Previously, Pro users were allowed up to 100 queries per month. Now, Pro users are allotted 120 queries per month, while Plus, Team, Edu, and Enterprise users get 10 queries per month.
OpenAI also announced improvements to Deep Research since its initial launch, including the addition of citations for embedded images and enhanced capabilities for understanding and referencing uploaded files.
“Give it a prompt and ChatGPT will find, analyze and synthesize hundreds of online sources to create a comprehensive report in tens of minutes vs what would take a human many hours,” the company said of the new Deep Research capability, accessible through the ChatGPT interface.
Deep Research is an AI agent designed for in-depth internet research, capable of conducting multi-step inquiries, analyzing text, images, and PDFs, and adapting its approach based on new information. Powered by an early version of OpenAI’s o3 model, it also supports user-provided files and can execute Python code for data analysis.
OpenAI says Deep research is built for people who do intensive knowledge work in areas like finance, science, policy, and engineering and need thorough and reliable research. It's also useful for discerning shoppers looking for hyper-personalized recommendations on purchases that require careful research, the company says.
In a tweet, OpenAI CEO Sam Altman said, “Deep Research out for ChatGPT Plus users!” and called the feature “One of my favorite things we have ever shipped.”

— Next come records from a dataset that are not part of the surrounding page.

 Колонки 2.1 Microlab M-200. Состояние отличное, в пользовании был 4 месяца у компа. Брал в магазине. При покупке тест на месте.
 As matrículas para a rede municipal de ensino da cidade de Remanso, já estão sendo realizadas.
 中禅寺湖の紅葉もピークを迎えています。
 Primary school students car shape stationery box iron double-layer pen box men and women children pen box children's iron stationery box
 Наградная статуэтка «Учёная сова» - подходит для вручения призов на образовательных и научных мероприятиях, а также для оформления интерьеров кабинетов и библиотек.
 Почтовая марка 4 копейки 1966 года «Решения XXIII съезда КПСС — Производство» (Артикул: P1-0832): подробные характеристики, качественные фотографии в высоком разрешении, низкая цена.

OpenAI CPO Kevin Weil also said it was his favorite product the company has launched and described how he has used it: “It can do weeklong research-oriented tasks in 15 mins. I've used it to better understand muon colliders, the renewable energy market, and AI post training techniques—and to research/purchase a basketball hoop for my kids and new shoes for myself.”
Deep Research did well on a benchmark test called “Humanity’s Last Exam,” made by researchers at the Center for AI Safety in conjunction with data annotation firm Scale AI. The test is made up of roughly 3,000 multiple-choice and short answer questions submitted and reviewed by experts in academic fields like mathematics and philosophy.

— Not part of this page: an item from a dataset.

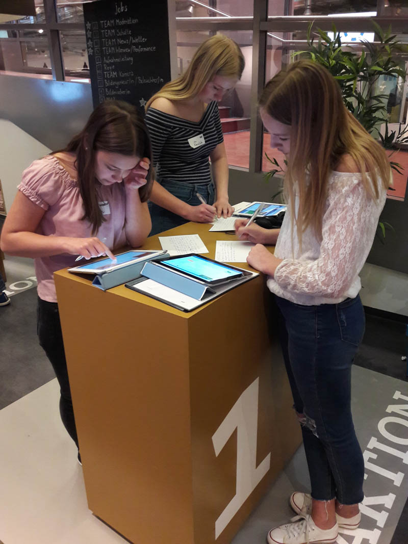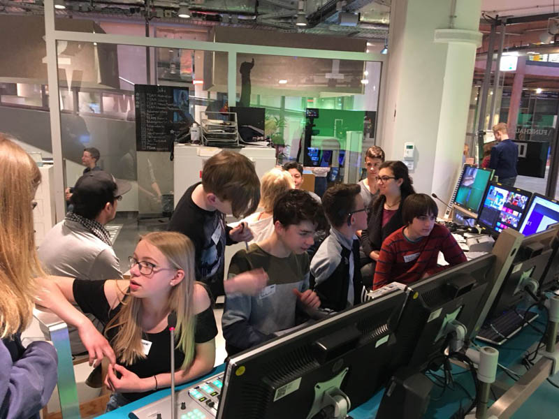 Die Klasse 8a war am 4. Mai im WDR STUDIO ZWEI und erlebte viel Neues. Dreieinhalb Stunden konzentrierte Arbeit in Teams und mit großem Spaß lagen vor ihnen. Dabei lernten die Schülerinnen und Schüler viele Berufsbilder kennen. Am Ende stand eine eigene kleine Sendung der 8a, in der es um Nachrichten und Informationen vor und hinter der Kamera ging – ohne Anspruch auf Perfektion und einfach nur mit Spass an der Arbeit mit Medien.

Deep Research scored 26.6% on the test, the current leading score, which may not sound impressive at first glance. But the previous leaders, OpenAI’s o1 and DeepSeek’s R1 models, both only scored 9%. This represents a large jump in intelligence for Deep Research, with the largest gains occurring on questions related to chemistry, humanities and social sciences, and mathematics, according to OpenAI.
Still, all large language models are prone to hallucinations, or completely fabricating facts and events that can look and sound credible. Those using generative AI for research must carefully check model outputs for accuracy, despite how well the models do on benchmarks.

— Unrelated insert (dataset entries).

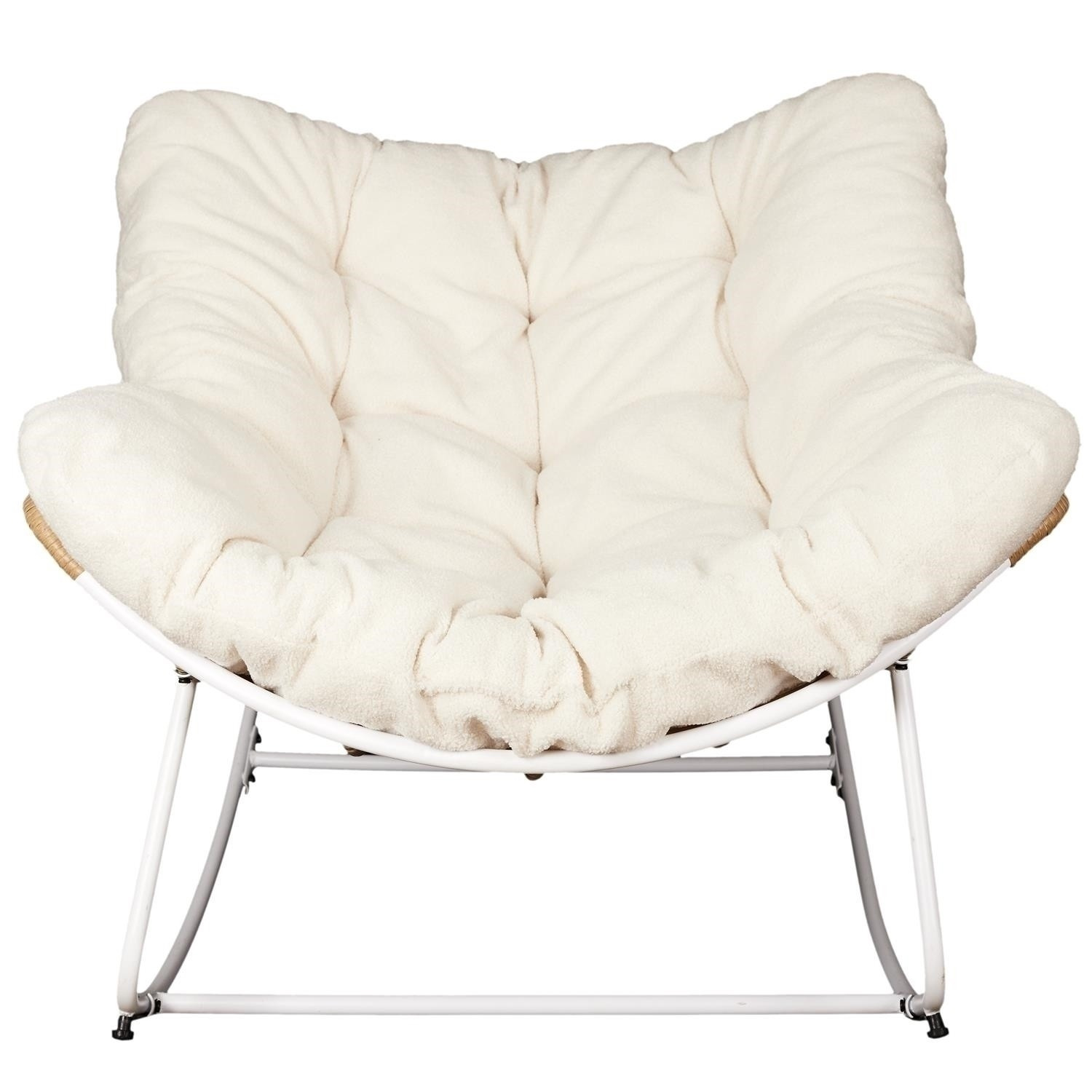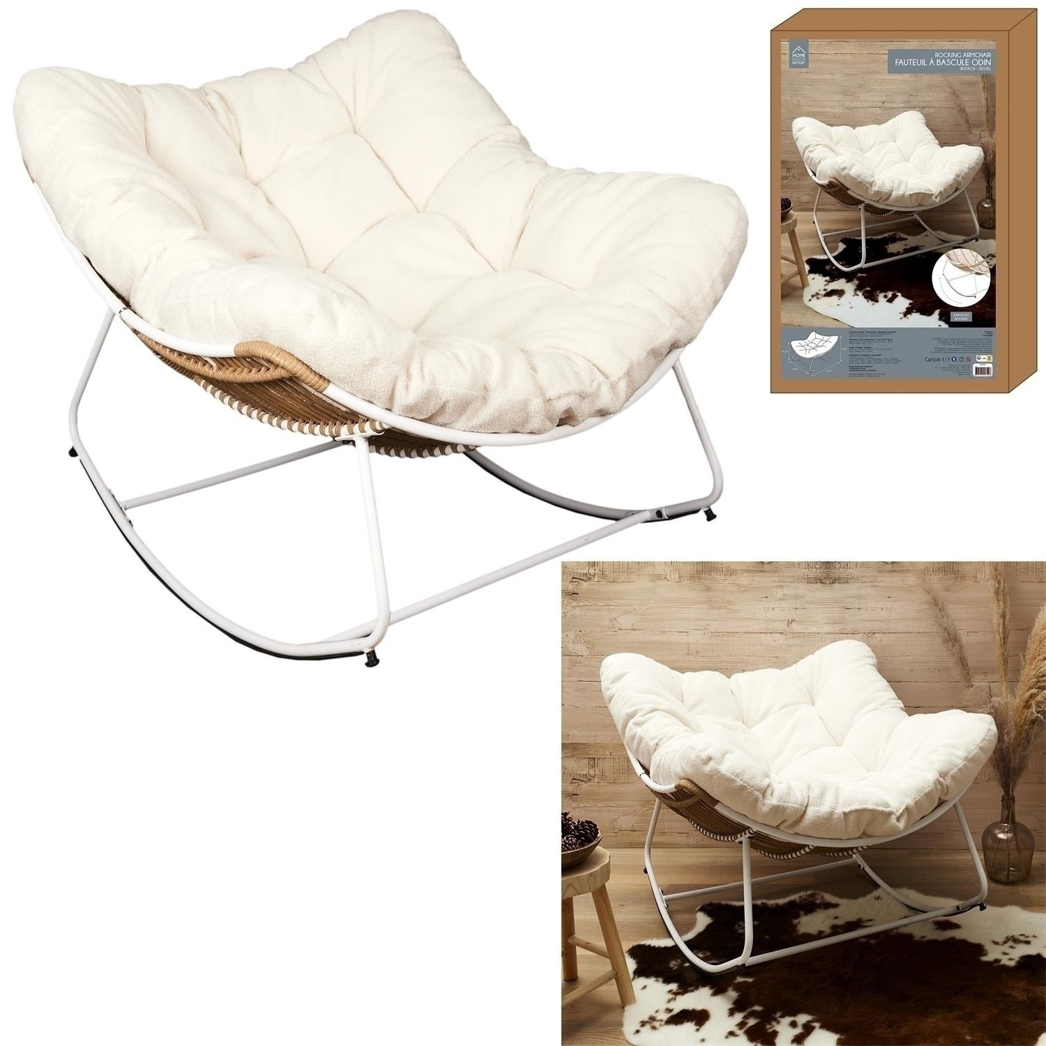 Az Odin szék kényelmes bútor fém síneken, amelyek lehetővé teszik a kényelmes pihenést enyhe hintázás közben. A szék ülőkéje fonott, műanyag rattanból készült. kagyló alakú kötött ülőke. Az ülés párnával volt ellátva. Puha, bolyhos párna, amelyet krémszínű teddy bear anyag borít, divatos bútorelem. A párna puha kárpitozó habbal volt kitöltve. A szék súlya 12,5 kg. Kartondoboz méretei: 97x65x40 cm. Maximális terhelés 110 kg. A fénykép külön összeszerelést igényel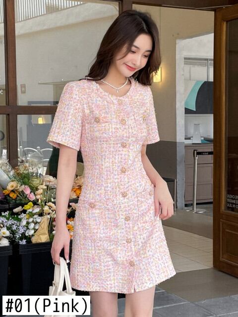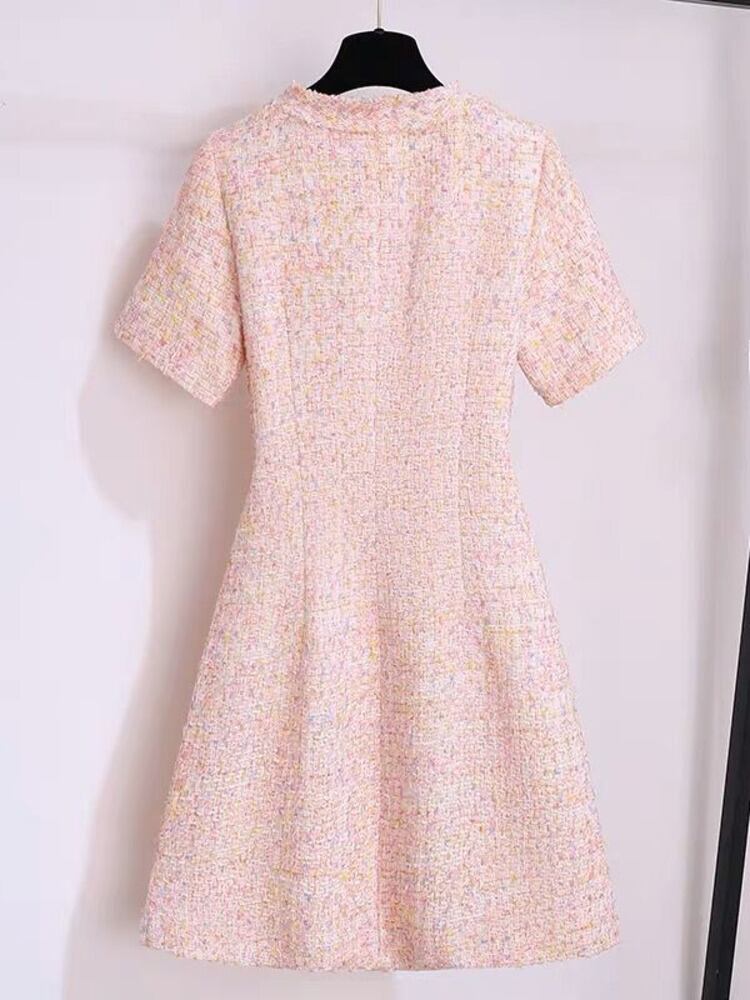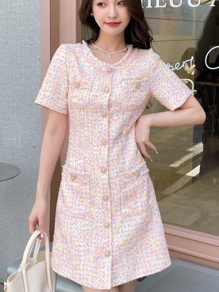 フランス小さフレグランツイードサマードレスシックスリムウエストショートドレス Vestidos 夏物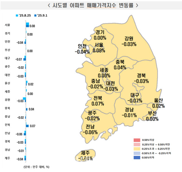 4일 부동산원이 발표한 9월 첫째 주(8월 26일~9월 1일) 전국 주간 아파트 매매가격은 보합(0.00%) 유지됐다. 수도권(0.03%→0.02%)은 상승폭이 축소, 지방(-0.02%→-0.02%)은 하락폭이 유지됐다. 5대광역시(-0.02%→-0.03%)는 하락폭이 확대, 세종(0.02%→0.00%)은 상승에서 보합으로 전환, 8개도(-0.02%→-0.01%)는 상승폭이 소폭 줄었다.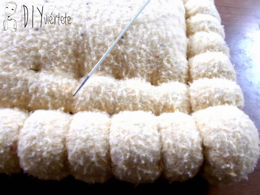 Ahora haz puntadas, "capitoné" por toda la superficie de la galleta,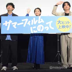 映画『サマーフィルムにのって』(公開中)の大ヒット御礼舞台挨拶が29日、都内にて開催され、主演の伊藤万理華、出演の金子大地、松本壮史監督が登壇。伊藤が、共演者との思い出を語った。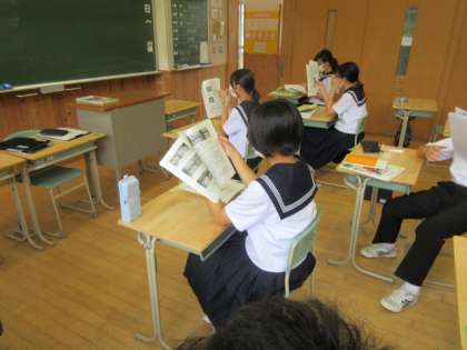4限の授業では、これまでの学習内容を復習したり、互いの自由研究レポートを読んで感想を述べ合ったりしていました。

That is a reality recently faced by Florida-based injury law firm Morgan and Morgan, who was fined by a Wyoming judge for submitting a case filing with eight fictitious court cases generated by a chatbot.
“This deeply regrettable filing serves as a hard lesson for me and our firm as we enter a world in which artificial intelligence becomes more intertwined with everyday practice,” the case’s lead attorney Mike Morgan wrote in a declaratory filing, adding that “there are no shortcuts in law.”